==== INFORMATION PROVIDED

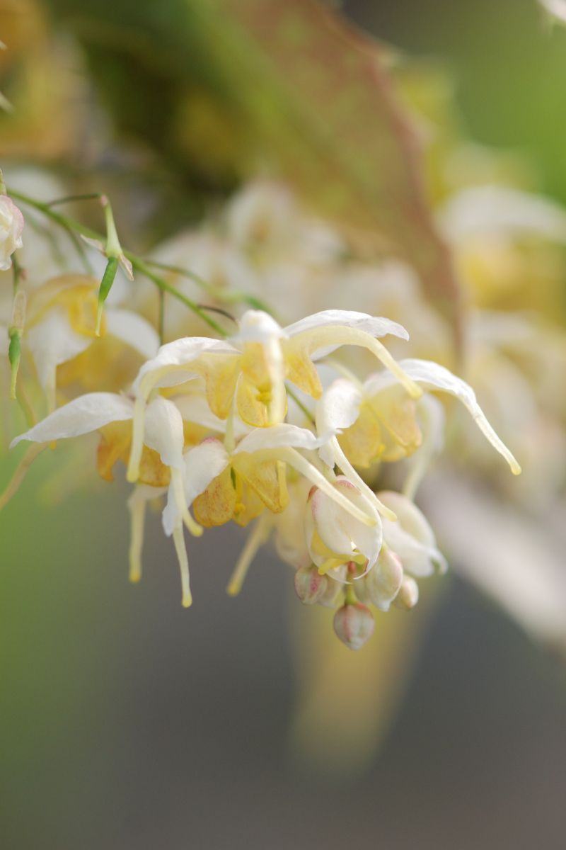Cette variété d'épimédium, également fleur des elfes, se montre originale à plus d'un titre. D'abord par son feuillage semi-persistant à persistant, suivant les régions, plutôt allongé et cordiforme, aux bords légèrement et délicatement dentés. Coriaces et épaisses, les feuilles naissent en bronze cuivré au printemps avant de revêtir leur couleur vert profond à maturité. Avec leur découpe marquée et particulière, les feuilles sont charmantes. Cette variété de fleur des elfes forme une touffe de feuillage au port compact et dense, légèrement dressé. Elle constitue un excellent couvre-sol pour structurer des massifs, border des allées et lutter contre les mauvaises herbes. maturité, elle atteint entre 50 et 70 cm de hauteur et de largeur.
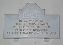 On Sunday 9 April 1967 a wall-mounted marble monument to the victims in the Church of England parish church of St Lawrence, Toot Baldon was dedicated at a special service.[9] There is a small roll of honour beneath, and an RAF ensign and a standard of the Oxford Branch of the Parachute Regimental Association flank the monument. Wreaths are laid at the monument during an annual commemorative service at the church, usually on the first Sunday in July.[10]
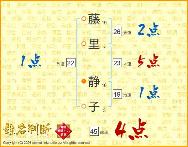 藤里静子さんの総運は45画の4点!
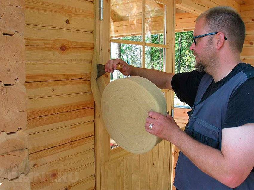 При внутреннем утеплении теплоизоляция межвенцовых зазоров может сочетаться с организацией утепления по принципу вентилируемого каркаса. В таком случае после первого и повторного уплотнений межвенцовых швов на поверхность сруба набивается деревянная обрешетка, шаг которой должен быть на 1-2 см меньше ширины утеплителя.
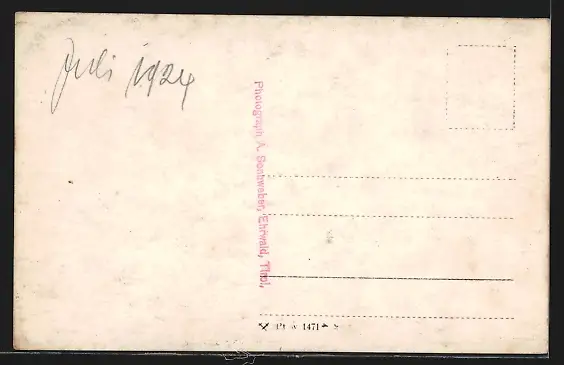 Personenbezogene Daten auf der Rückseite der Karte wurden durch blauen Textmarker unkenntlich gemacht. Die blauen Stellen sind auf die Vorderseite durchgeweicht und wirken sich negativ auf das Postkartenfoto aus
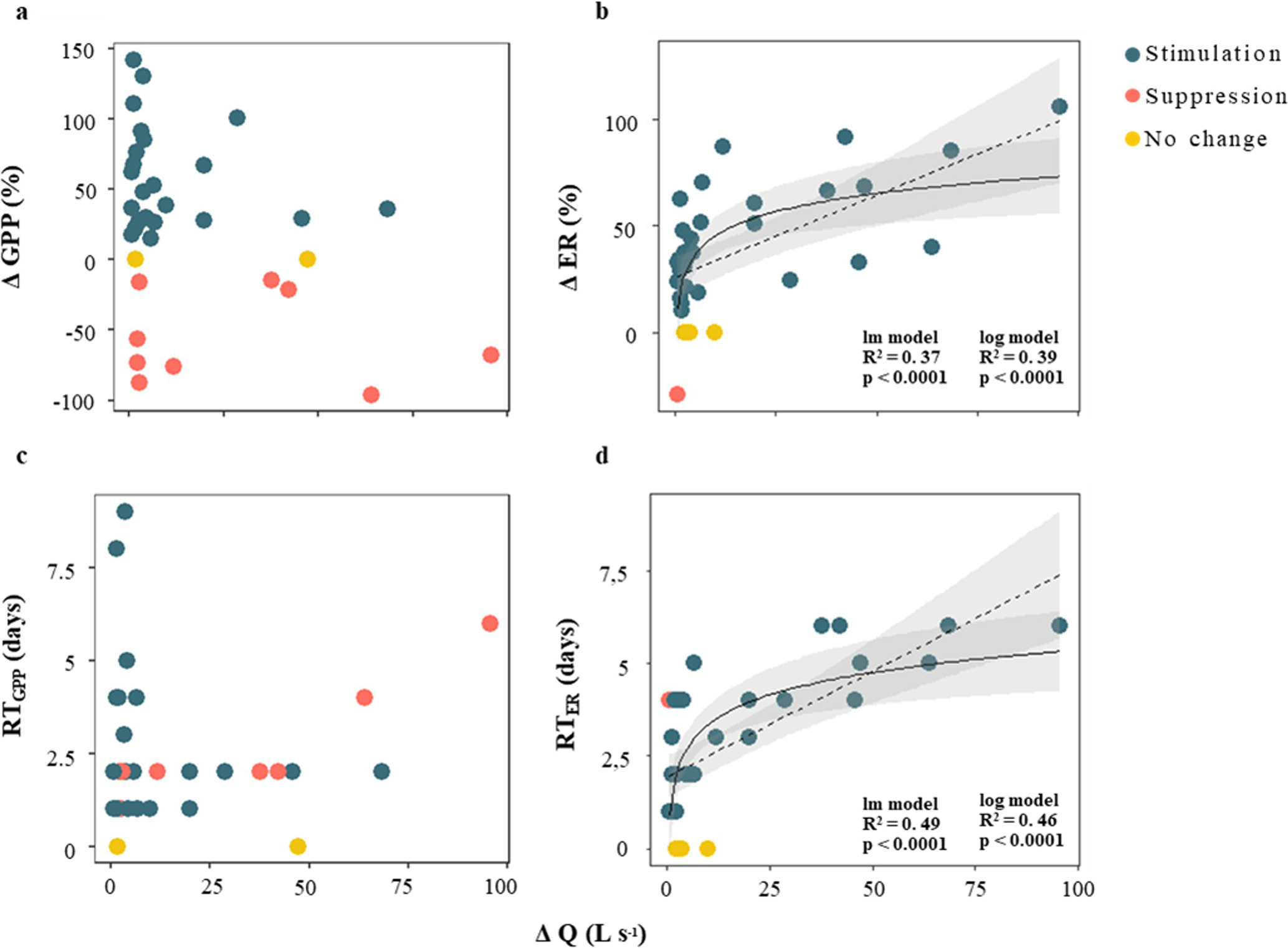 Figure 5Relationship between changes in discharge (ΔQ, defined as the difference between peak flow and baseflow) and stream metabolic responses. Panels (a) and (b) show the change in gross primary production (ΔGPP) and ecosystem respiration (ΔER), respectively, used as proxies for metabolic resistance. Panels (c) and (d) show recovery time for GPP (RTGPP) and ER (RTER), used as proxies for metabolic resilience. Colour coding indicates whether metabolic activity was stimulated (blue), suppressed (red), or showed no significant change (yellow) in response to the storm event. Solid and dashed lines represent the best-fit models, only when statistically significant (p < 0.01) and the shaded area indicates the 95 % confidence interval. For panels (b) and (d), there were no differences in the goodness of fit between the logarithmic (log) and linear (lm) models (Table S4).

========

- [REQUIRED WORK]
The entries above are to be retyped exactly, with each picture left out.

- [RESPONSE AREA]
Cette variété d'épimédium, également fleur des elfes, se montre originale à plus d'un titre. D'abord par son feuillage semi-persistant à persistant, suivant les régions, plutôt allongé et cordiforme, aux bords légèrement et délicatement dentés. Coriaces et épaisses, les feuilles naissent en bronze cuivré au printemps avant de revêtir leur couleur vert profond à maturité. Avec leur découpe marquée et particulière, les feuilles sont charmantes. Cette variété de fleur des elfes forme une touffe de feuillage au port compact et dense, légèrement dressé. Elle constitue un excellent couvre-sol pour structurer des massifs, border des allées et lutter contre les mauvaises herbes. maturité, elle atteint entre 50 et 70 cm de hauteur et de largeur.
 On Sunday 9 April 1967 a wall-mounted marble monument to the victims in the Church of England parish church of St Lawrence, Toot Baldon was dedicated at a special service.[9] There is a small roll of honour beneath, and an RAF ensign and a standard of the Oxford Branch of the Parachute Regimental Association flank the monument. Wreaths are laid at the monument during an annual commemorative service at the church, usually on the first Sunday in July.[10]
 藤里静子さんの総運は45画の4点!
 При внутреннем утеплении теплоизоляция межвенцовых зазоров может сочетаться с организацией утепления по принципу вентилируемого каркаса. В таком случае после первого и повторного уплотнений межвенцовых швов на поверхность сруба набивается деревянная обрешетка, шаг которой должен быть на 1-2 см меньше ширины утеплителя.
 Personenbezogene Daten auf der Rückseite der Karte wurden durch blauen Textmarker unkenntlich gemacht. Die blauen Stellen sind auf die Vorderseite durchgeweicht und wirken sich negativ auf das Postkartenfoto aus
 Figure 5Relationship between changes in discharge (ΔQ, defined as the difference between peak flow and baseflow) and stream metabolic responses. Panels (a) and (b) show the change in gross primary production (ΔGPP) and ecosystem respiration (ΔER), respectively, used as proxies for metabolic resistance. Panels (c) and (d) show recovery time for GPP (RTGPP) and ER (RTER), used as proxies for metabolic resilience. Colour coding indicates whether metabolic activity was stimulated (blue), suppressed (red), or showed no significant change (yellow) in response to the storm event. Solid and dashed lines represent the best-fit models, only when statistically significant (p < 0.01) and the shaded area indicates the 95 % confidence interval. For panels (b) and (d), there were no differences in the goodness of fit between the logarithmic (log) and linear (lm) models (Table S4).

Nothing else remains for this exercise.